## [EXERCISE DIRECTIONS]
After finding the line that holds "Nubiles: Blonde Teen" below, set down that line and the rest through the final one exactly, leaving the pictures out.

## [INFORMATION SUPPLIED]
= Beginning of Section =
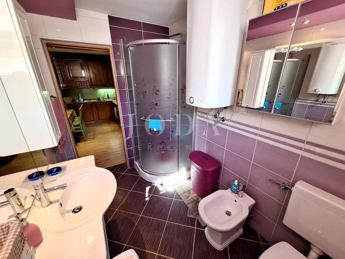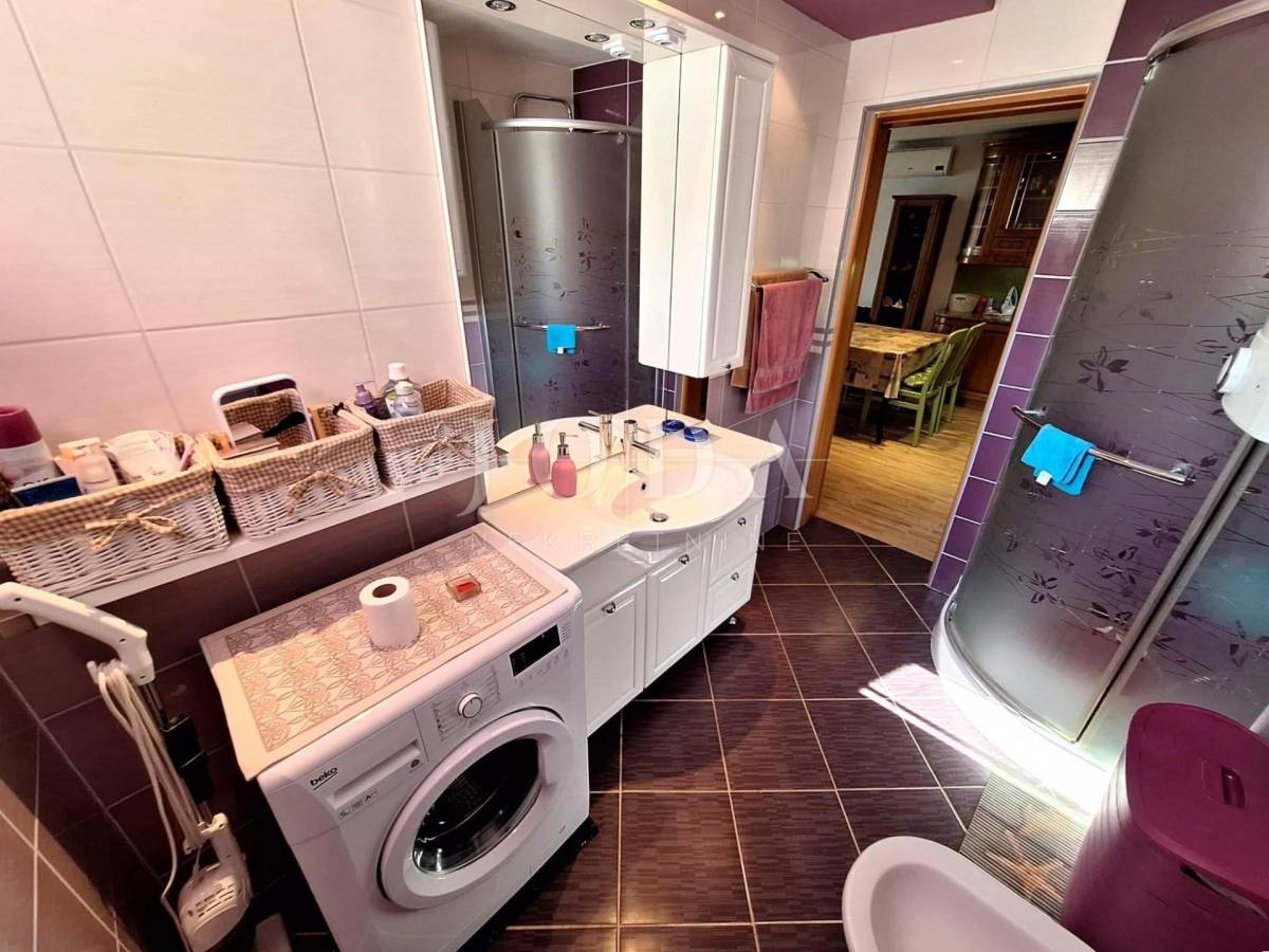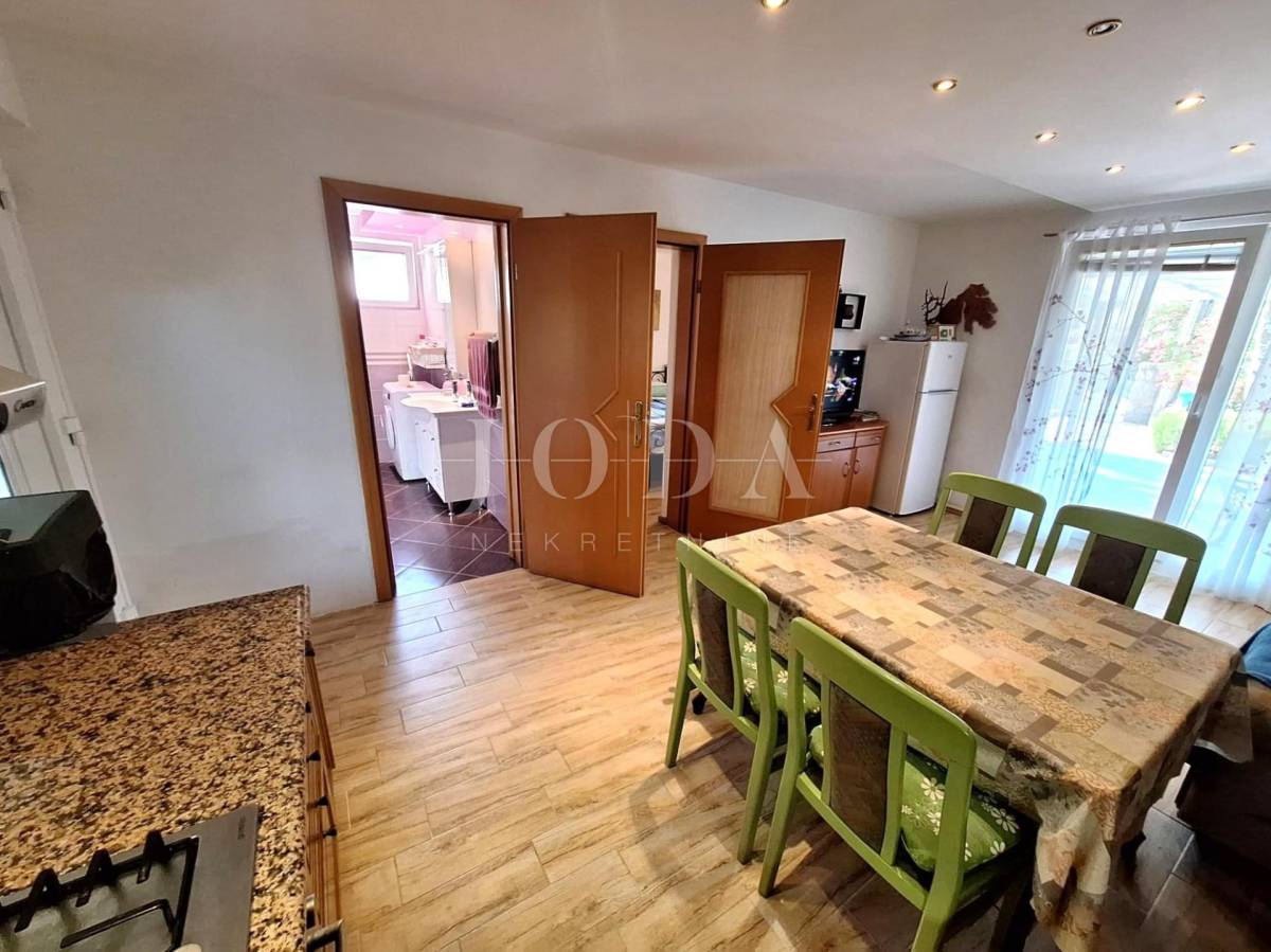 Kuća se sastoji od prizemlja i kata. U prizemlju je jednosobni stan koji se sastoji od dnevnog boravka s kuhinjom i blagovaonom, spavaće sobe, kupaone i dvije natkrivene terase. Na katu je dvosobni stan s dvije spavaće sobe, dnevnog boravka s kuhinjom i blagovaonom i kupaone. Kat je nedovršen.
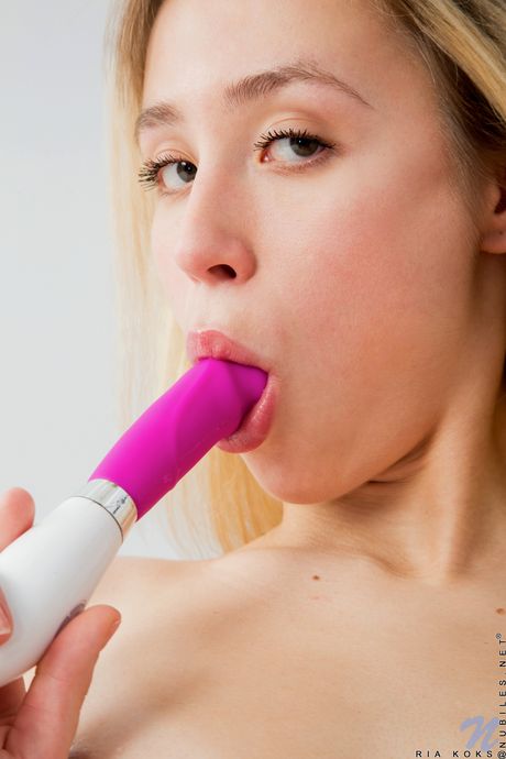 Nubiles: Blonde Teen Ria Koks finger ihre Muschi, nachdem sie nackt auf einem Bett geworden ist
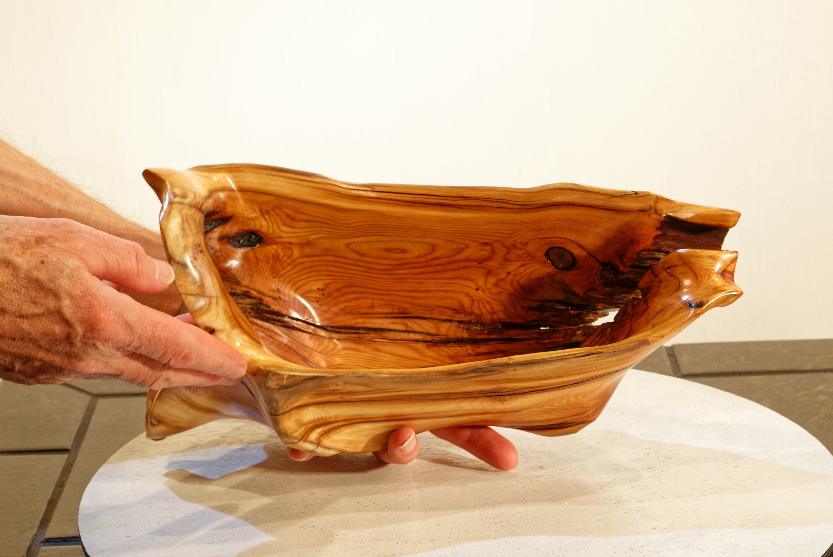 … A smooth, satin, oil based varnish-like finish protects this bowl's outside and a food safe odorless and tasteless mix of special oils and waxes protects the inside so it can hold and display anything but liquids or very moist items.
= End of Section =
## [RESULT]
 Nubiles: Blonde Teen Ria Koks finger ihre Muschi, nachdem sie nackt auf einem Bett geworden ist
 … A smooth, satin, oil based varnish-like finish protects this bowl's outside and a food safe odorless and tasteless mix of special oils and waxes protects the inside so it can hold and display anything but liquids or very moist items.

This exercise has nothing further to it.